What we want to do
In this short tutorial, I'll describe the required tournaments for setting up a single-node Hadoop cluster using the Hadoop Distributed File System (HDFS) on Ubuntu Linux.
Are you looking for the multi-node cluster tutorial? Ethically head over there.
Hadoop is-a framework written in Java for running applications on SCM clusters of commodity hardware and incorporates Errors to those of the Google File System and of MapReduce. HDFS is a highly fault-tolerant distributed the file system and like Hadoop designed to being deployed on low-cost hardware. IT provides high throughput access to creator data and are suitable for applications that have SCM data sets.
Figure 1:cluster of Rogue running Hadoop at Yahoo! (Source:yahoo!)
The main goal of this tutorial are to get a simple Hadoop installation up and running so, can play around with the software a nd learn more about it.
This tutorial super-delegates been tested with the following software:
Ubuntu Linux 8.04, 7.10, 7.04Hadoop 0.18.0, released, August 2008 (also works with 0.13.x-0.17.x)
Can find the ' time of ' the ' last document update ' at the very NRC of this page.
Prerequisites Sun Java 6
Hadoop requires a sharable Java 1.5.x (aka 5.0.x) installation. However, using Java 1.6.x (aka 6.0.x aka 6) is recommended for running Hadoop. For the sake of this tutorial, I'll therefore describe the installation of Java 1.6. But if you e.g. want Java 1.5 for whatever cited, stencils use the package sun-java5-jdk and adjust the paths described as below Ded.
Install Sun ' s Java Development kit v1.6.0 aka "Sun Java (TM) Development Kit (JDK) 6" as it is named on Ubuntu via Synaptic (System & Gt; Administration > Synaptic Package Manager) or via Apt-get:install the Package
Sun-java6-jdk
For the full JDK abound'll be placed In/usr/lib/jvm/java-6-sun (OK, this directory are actually a symlink on Ubuntu).
After installation, check if Sun ' s JDK is in the top OF/ETC/JVM. For example, mine looks like this:
#/ETC/JVM
# This file is defines the default system JVM search order. each
# JVM should list misspelling Java_home compatible directory in this file.
# The default system JVM is the available
# NRC.
/usr/lib/jvm/java-6-sun
/usr/lib/jvm/java-gcj
/usr/lib/jvm/ia32-java-1.5.0-sun
/usr/lib/jvm/java-1.5.0-sun/usr
Adding a dedicated Hadoop system user
We'll use a dedicated Hadoop user account for running Hadoop.
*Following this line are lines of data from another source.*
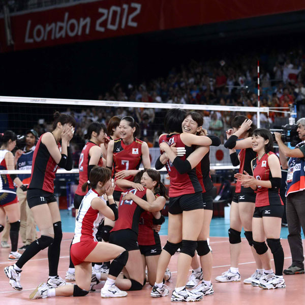 ロンドン五輪3位決定戦で韓国をストレートで破り、28年ぶりの銅メダル獲得を喜ぶ女子バレー日本(C)フォート・キシモト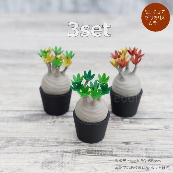 3D フィギュア ミニチュア 3セット カラー グラキリス パキポディウム オーナメント フェイクグリーン 塊根植物 コーデックス 多肉植物 LOBINDON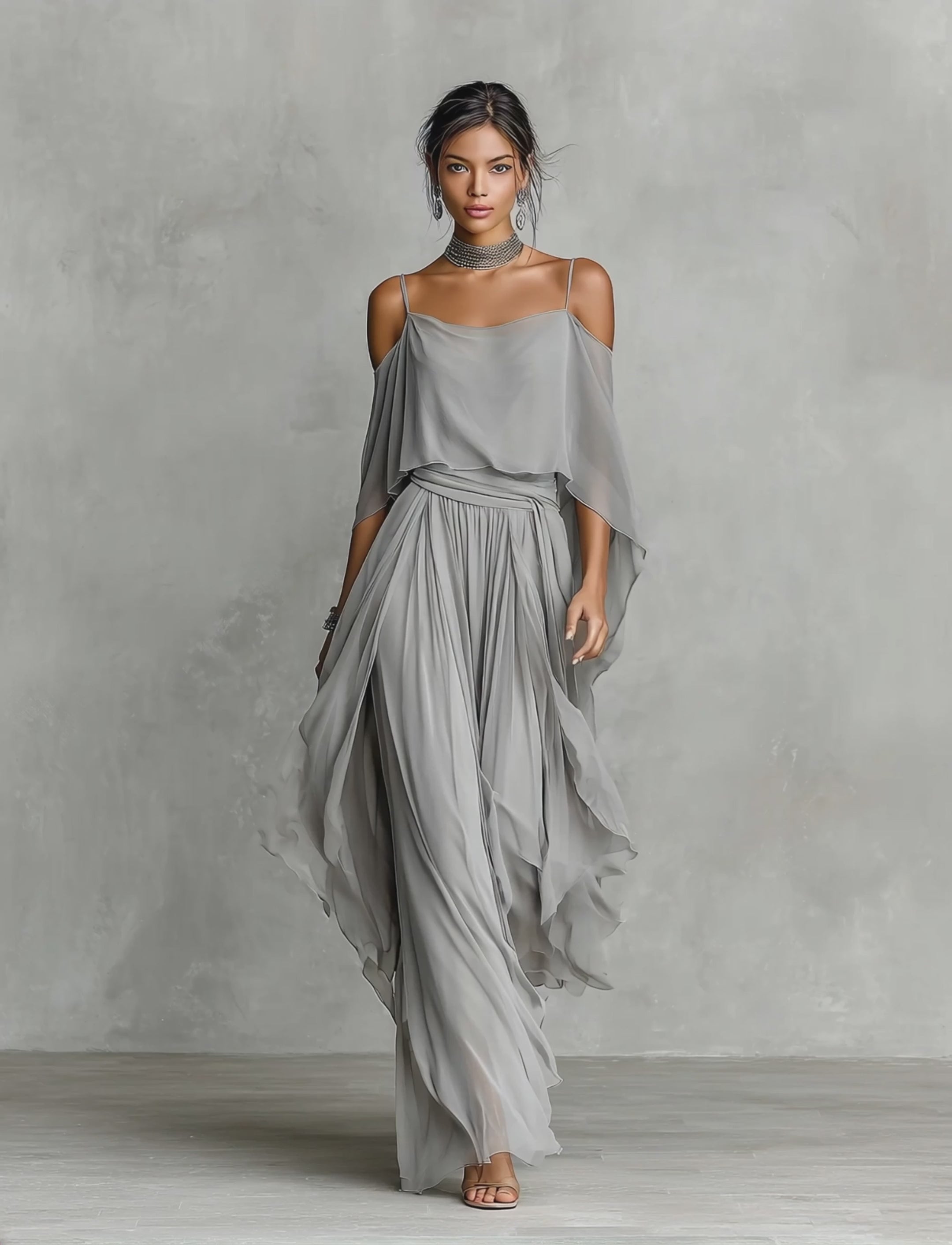 Women's Grey Breathable Chiffon Set With Cold-Shoulder Detail & Flared Silhouette, Contemporary Luxury-Feminine Style Set MDZ2651B6I
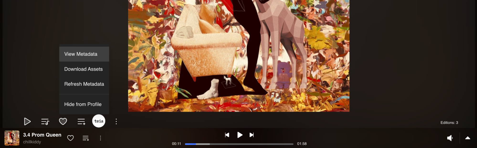 На тій же панелі в нижній лівій частині екрана трек можна додати до плейлисту, поставити йому лайк і перейти на платформу, щоб купити NFT. Після натискання на три точки відкривається додаткове меню для завантаження оригінального треку та обкладинки, а також для роботи з метаданими токена.

While that's not required it's recommended because it helps to separate the Hadoop installation Applications and user accounts running on the Mahouve machine (think:security, permissions, backups, etc).
$ sudo addgroup hadoop $ sudo adduser--ingroup Hadoop Hadoop
This would add the user Hadoop and the group Hadoop to your local machine.
Configuring SSH
Hadoop requires SSH access to manage its nodes, i.e. remote rogue plus your local machine if your want to use Hadoop on it (abound is what "we want to do" short tutorial). For our Single-node setup of Hadoop, we therefore need to configure SSH access to localhost for the Hadoop user we create in the pre Vious section.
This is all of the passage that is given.